Top of Dataset content
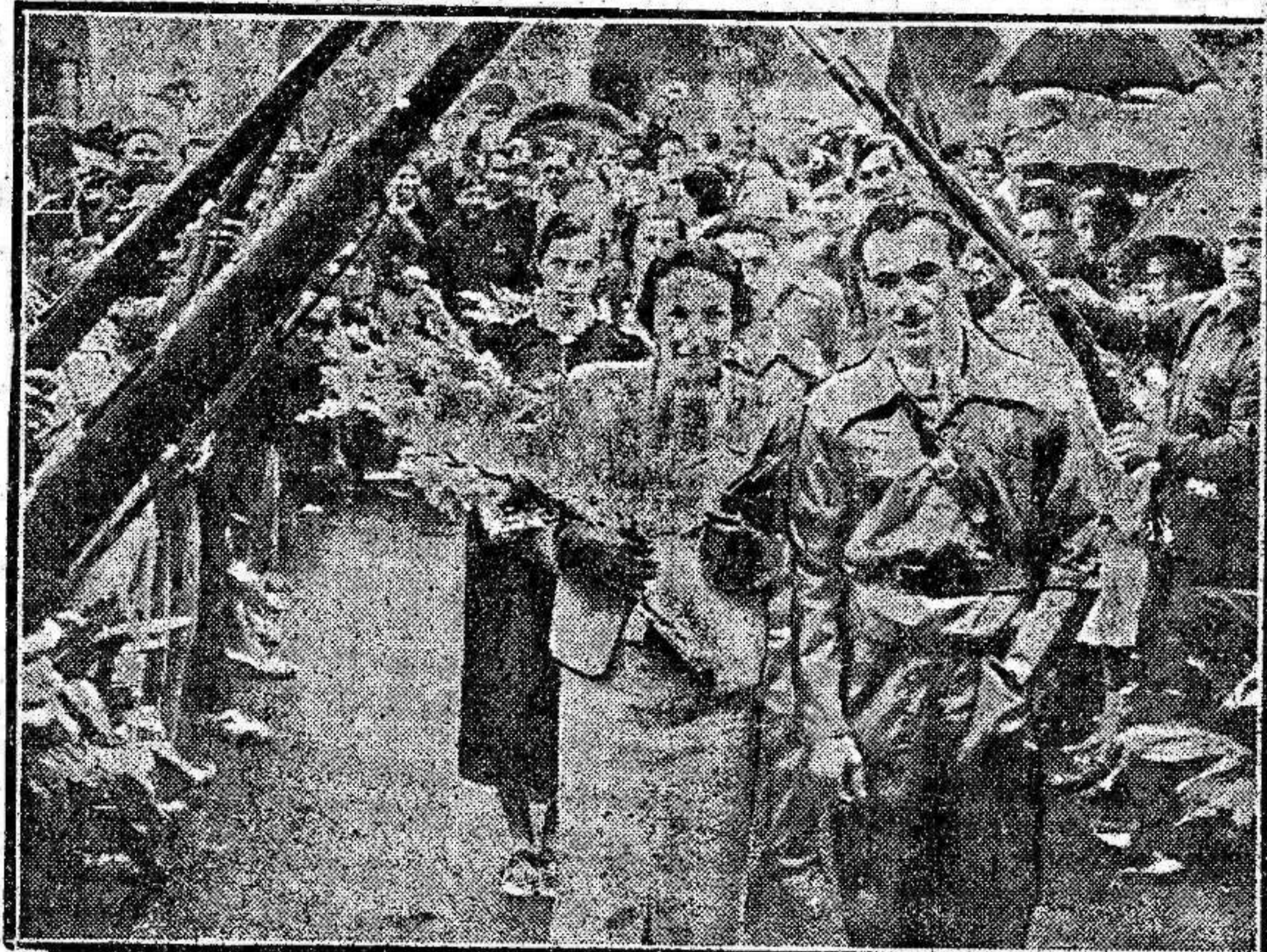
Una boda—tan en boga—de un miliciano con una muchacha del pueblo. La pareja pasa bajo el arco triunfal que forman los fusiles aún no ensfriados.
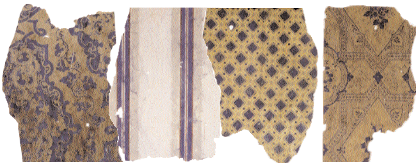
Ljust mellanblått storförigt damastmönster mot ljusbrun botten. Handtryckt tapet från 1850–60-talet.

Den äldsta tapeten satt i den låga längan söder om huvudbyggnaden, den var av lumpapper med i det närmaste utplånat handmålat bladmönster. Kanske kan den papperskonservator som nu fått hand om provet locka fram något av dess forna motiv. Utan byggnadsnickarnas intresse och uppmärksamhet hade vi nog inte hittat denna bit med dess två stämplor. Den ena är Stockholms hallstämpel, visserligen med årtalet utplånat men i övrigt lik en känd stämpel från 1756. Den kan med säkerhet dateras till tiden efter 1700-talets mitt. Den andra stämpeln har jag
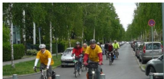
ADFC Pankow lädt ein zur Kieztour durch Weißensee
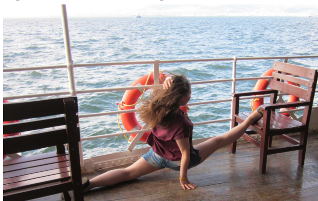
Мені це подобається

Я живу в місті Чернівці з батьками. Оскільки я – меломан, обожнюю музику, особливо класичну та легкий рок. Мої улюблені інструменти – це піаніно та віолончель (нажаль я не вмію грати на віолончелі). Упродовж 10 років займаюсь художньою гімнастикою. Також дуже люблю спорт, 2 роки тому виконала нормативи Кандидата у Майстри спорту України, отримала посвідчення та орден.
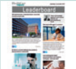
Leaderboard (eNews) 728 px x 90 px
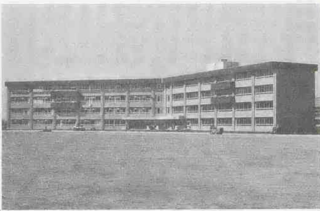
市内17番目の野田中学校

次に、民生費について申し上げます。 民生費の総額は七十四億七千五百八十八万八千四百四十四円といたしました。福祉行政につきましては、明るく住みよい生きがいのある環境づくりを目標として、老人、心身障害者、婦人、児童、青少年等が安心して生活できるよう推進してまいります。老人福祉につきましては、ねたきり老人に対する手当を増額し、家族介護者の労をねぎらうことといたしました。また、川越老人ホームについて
Bottom of Dataset content
Top of Dataset content
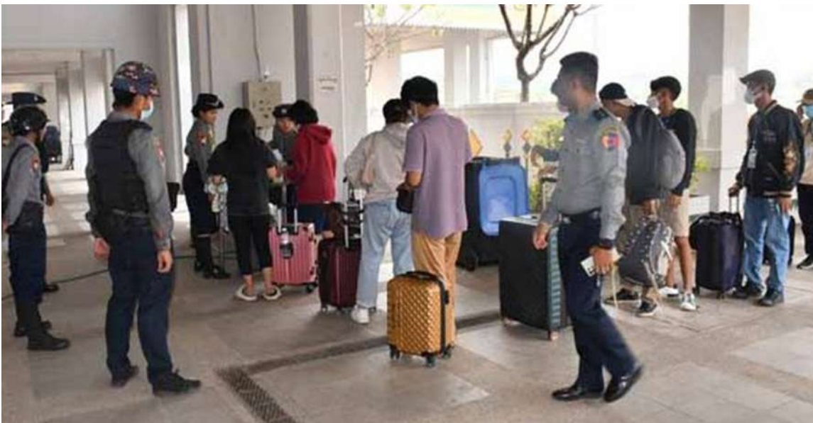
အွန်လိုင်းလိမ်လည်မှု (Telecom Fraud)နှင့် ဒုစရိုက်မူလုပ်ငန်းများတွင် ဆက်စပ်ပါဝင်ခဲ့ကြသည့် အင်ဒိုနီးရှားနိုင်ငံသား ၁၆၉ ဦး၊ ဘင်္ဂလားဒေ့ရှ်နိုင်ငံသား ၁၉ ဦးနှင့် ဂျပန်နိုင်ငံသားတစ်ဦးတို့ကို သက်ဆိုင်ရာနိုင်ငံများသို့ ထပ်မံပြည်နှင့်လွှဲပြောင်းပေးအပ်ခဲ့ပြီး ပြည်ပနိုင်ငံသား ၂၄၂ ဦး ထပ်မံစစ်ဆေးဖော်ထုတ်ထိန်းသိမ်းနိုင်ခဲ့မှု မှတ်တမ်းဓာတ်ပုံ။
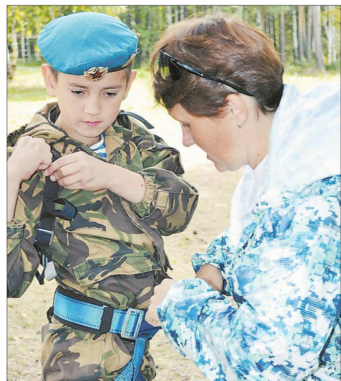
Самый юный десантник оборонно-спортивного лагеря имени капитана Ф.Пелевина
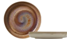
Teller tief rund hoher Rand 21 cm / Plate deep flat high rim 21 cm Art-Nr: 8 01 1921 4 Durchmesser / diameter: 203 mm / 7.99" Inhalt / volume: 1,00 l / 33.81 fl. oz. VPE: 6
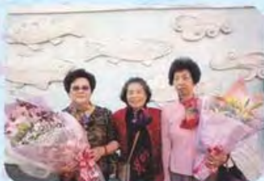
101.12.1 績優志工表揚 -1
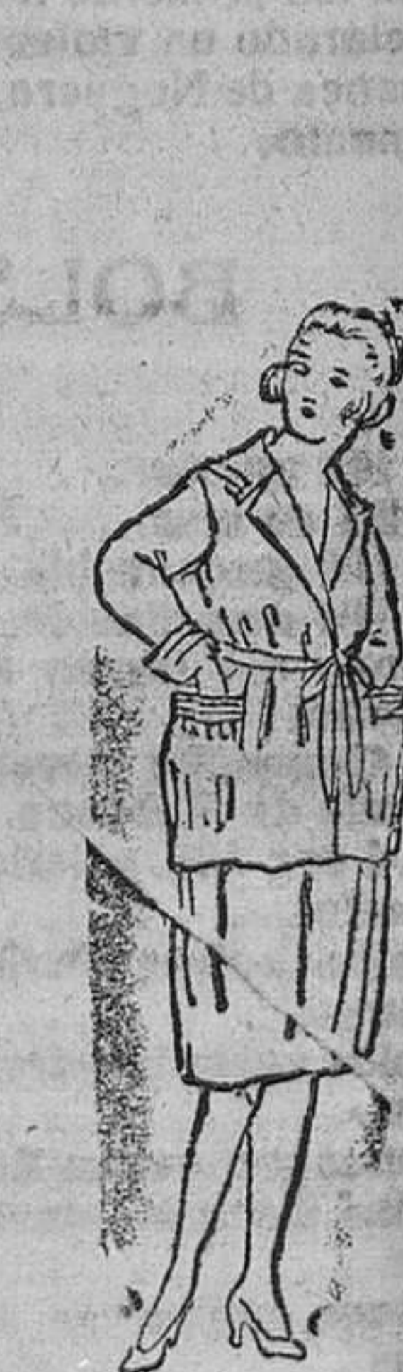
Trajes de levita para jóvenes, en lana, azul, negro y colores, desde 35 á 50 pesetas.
Bottom of Dataset content
Top of Dataset content
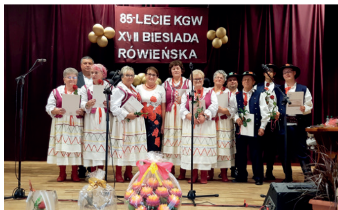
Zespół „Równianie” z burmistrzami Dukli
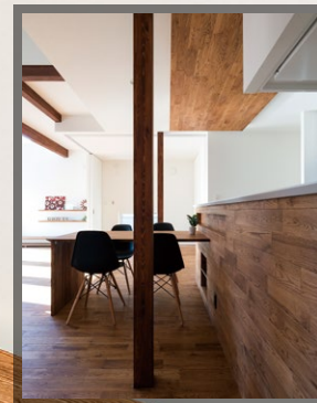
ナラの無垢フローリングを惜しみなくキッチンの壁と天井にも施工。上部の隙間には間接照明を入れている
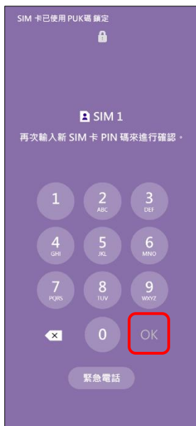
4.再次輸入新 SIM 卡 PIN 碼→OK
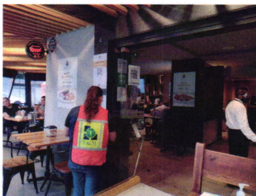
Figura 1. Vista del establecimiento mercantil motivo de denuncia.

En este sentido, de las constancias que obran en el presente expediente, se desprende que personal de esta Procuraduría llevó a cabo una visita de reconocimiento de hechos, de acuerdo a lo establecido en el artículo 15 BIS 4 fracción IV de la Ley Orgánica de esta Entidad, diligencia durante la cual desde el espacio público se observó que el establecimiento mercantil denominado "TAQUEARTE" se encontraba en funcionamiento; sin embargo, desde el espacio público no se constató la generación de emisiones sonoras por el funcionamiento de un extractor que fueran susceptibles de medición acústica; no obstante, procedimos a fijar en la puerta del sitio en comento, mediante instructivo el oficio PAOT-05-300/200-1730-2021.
Bottom of Dataset content
## [Work instructions]
Skipping every picture, transcribe exactly the lines above from the one containing "Den äldsta tapeten" through the one containing "次に、民生費について申し上げ", both included.

## [Expected answer]
Den äldsta tapeten satt i den låga längan söder om huvudbyggnaden, den var av lumpapper med i det närmaste utplånat handmålat bladmönster. Kanske kan den papperskonservator som nu fått hand om provet locka fram något av dess forna motiv. Utan byggnadsnickarnas intresse och uppmärksamhet hade vi nog inte hittat denna bit med dess två stämplor. Den ena är Stockholms hallstämpel, visserligen med årtalet utplånat men i övrigt lik en känd stämpel från 1756. Den kan med säkerhet dateras till tiden efter 1700-talets mitt. Den andra stämpeln har jag
ADFC Pankow lädt ein zur Kieztour durch Weißensee
Мені це подобається

Я живу в місті Чернівці з батьками. Оскільки я – меломан, обожнюю музику, особливо класичну та легкий рок. Мої улюблені інструменти – це піаніно та віолончель (нажаль я не вмію грати на віолончелі). Упродовж 10 років займаюсь художньою гімнастикою. Також дуже люблю спорт, 2 роки тому виконала нормативи Кандидата у Майстри спорту України, отримала посвідчення та орден.
Leaderboard (eNews) 728 px x 90 px
市内17番目の野田中学校

次に、民生費について申し上げます。 民生費の総額は七十四億七千五百八十八万八千四百四十四円といたしました。福祉行政につきましては、明るく住みよい生きがいのある環境づくりを目標として、老人、心身障害者、婦人、児童、青少年等が安心して生活できるよう推進してまいります。老人福祉につきましては、ねたきり老人に対する手当を増額し、家族介護者の労をねぎらうことといたしました。また、川越老人ホームについて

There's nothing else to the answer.